_SOURCE DATA_:

*****

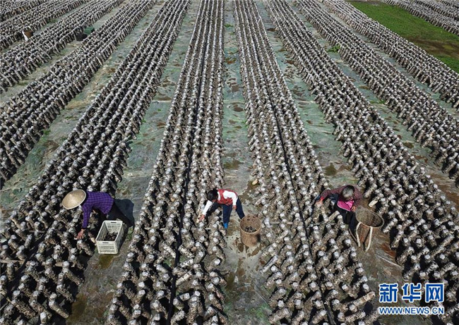 農(nóng)民在貴州省銅仁市萬山區(qū)敖寨鄉(xiāng)中華山村的食用菌基地里采摘木耳(2018年10月29日無人機拍攝)。 近年來,貴州省圍繞產(chǎn)業(yè)選擇、培訓農(nóng)民、技術服務、資金籌措、組織方式、產(chǎn)銷對接、利益聯(lián)結、基層黨建等“八要素”,通過“減、融、服”創(chuàng)新推進農(nóng)村產(chǎn)業(yè)結構調(diào)整,既帶動了農(nóng)戶增收,也推動了特色產(chǎn)業(yè)做大做強。 新華社記者 楊文斌 攝
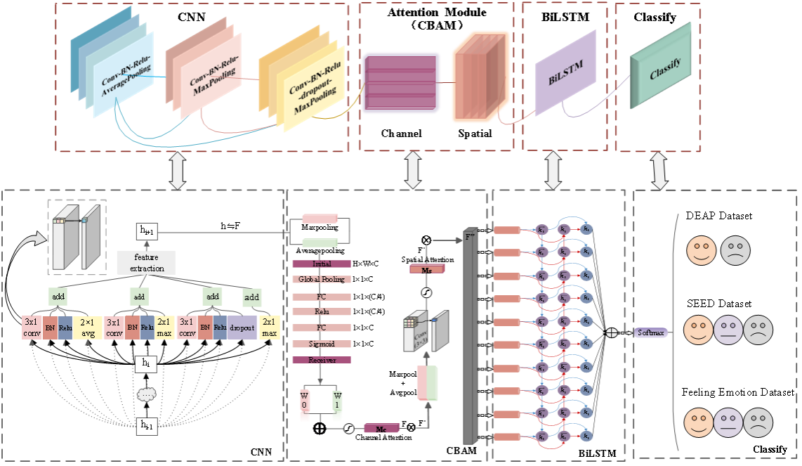 成果简介:基于脑电信号的情绪识别在情感计算、人机交互与智能医疗等领域具有重要应用价值。现有的深度学习模型常面临参数量大、计算复杂、调参困难等挑战。为此,本研究提出一种轻量级融合注意力机制的深度学习模型LC-CBAMB-Net。该模型以多频带微分熵作为特征输入,结合轻量化卷积神经网络提取空间特征,通过CBAM注意力机制动态增强通道与空间关键信息,并利用双向长短时记忆网络捕捉信号时序依赖关系,从而实现高效、精准的情绪状态分类。研究在DEAP、SEED和Feeling Emotion三个公共数据集上进行测试,模型在效价-唤醒度二分类及三分类任务中均取得优异性能,显著优于现有多种方法。该研究不仅为脑电情绪识别提供了一种高精度、轻量化的解决方案,也为基于注意力和时序建模的多模态信号处理提供了新思路。(撰写:纪超,审核:张蕾)
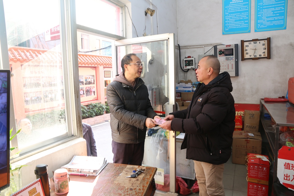 公司领导实地检查了春节期间厂区安全工作,看望慰问执勤值守的职工,每到一处,公司领导都与一线职工亲切握手、攀谈,代表公司对他们的辛勤工作表示感谢,对奋战在一线的干部职工致以诚挚问候和新春祝福,公司领导对一线职工的关怀,使在场的每一位同志都倍感温暖。
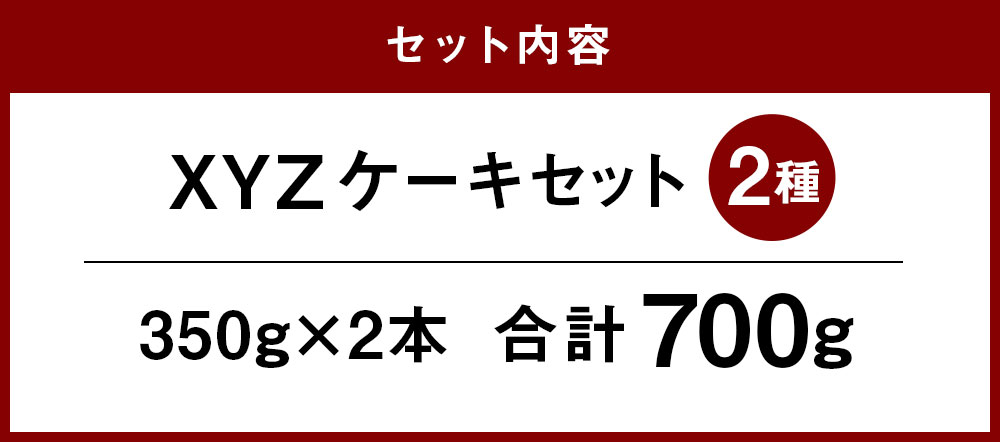 商品詳細 名称 XYZケーキセット(2種) 製造地 熊本県 内容量 合計700g(350g×2本) 原材料名 【ガトーショコラ】 チョコレート・ジャージー牛乳バター・ジャージー牛乳生クリーム・グラニュー糖・卵 【チーズケーキ】 クリームチーズ・ホワイトチョコレート・ジャージー牛乳ヨーグルト・ジャージー牛乳生クリーム・レモン果汁・コーンスターチ・ゼラチン 賞味期限 別途商品ラベルに記入 保存方法 -18℃以下にて保存 提供者 株式会社じぞう屋 ・ふるさと納税よくある質問はこちら・寄付申込みのキャンセル、返礼品の変更・返品はできません。
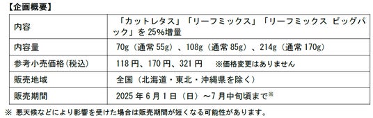 当社は今春、天候不良による契約産地の大幅な原料野菜の不作を受け、約4か月間にわたり一部商品の内容量を減らして販売することで、欠品防止に努めてまいりました。現在、レタス類の契約産地では好天に恵まれ豊作が続いていることから、3商品の25%増量企画を実施いたします。
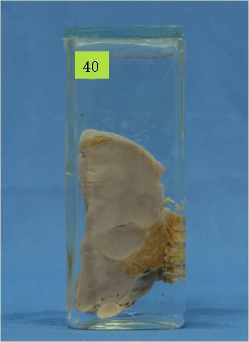 灰白色肿块一个,大小约6×4×5厘米,无包膜,境界不清;切面结节状;镜下为起源于纤维细胞的恶性肿瘤。

*****

From the line containing "公司领导实地检查了春节期间厂" through the last line of the material above, write out each line exactly, leaving aside all pictures.

 公司领导实地检查了春节期间厂区安全工作,看望慰问执勤值守的职工,每到一处,公司领导都与一线职工亲切握手、攀谈,代表公司对他们的辛勤工作表示感谢,对奋战在一线的干部职工致以诚挚问候和新春祝福,公司领导对一线职工的关怀,使在场的每一位同志都倍感温暖。
 商品詳細 名称 XYZケーキセット(2種) 製造地 熊本県 内容量 合計700g(350g×2本) 原材料名 【ガトーショコラ】 チョコレート・ジャージー牛乳バター・ジャージー牛乳生クリーム・グラニュー糖・卵 【チーズケーキ】 クリームチーズ・ホワイトチョコレート・ジャージー牛乳ヨーグルト・ジャージー牛乳生クリーム・レモン果汁・コーンスターチ・ゼラチン 賞味期限 別途商品ラベルに記入 保存方法 -18℃以下にて保存 提供者 株式会社じぞう屋 ・ふるさと納税よくある質問はこちら・寄付申込みのキャンセル、返礼品の変更・返品はできません。
 当社は今春、天候不良による契約産地の大幅な原料野菜の不作を受け、約4か月間にわたり一部商品の内容量を減らして販売することで、欠品防止に努めてまいりました。現在、レタス類の契約産地では好天に恵まれ豊作が続いていることから、3商品の25%増量企画を実施いたします。
 灰白色肿块一个,大小约6×4×5厘米,无包膜,境界不清;切面结节状;镜下为起源于纤维细胞的恶性肿瘤。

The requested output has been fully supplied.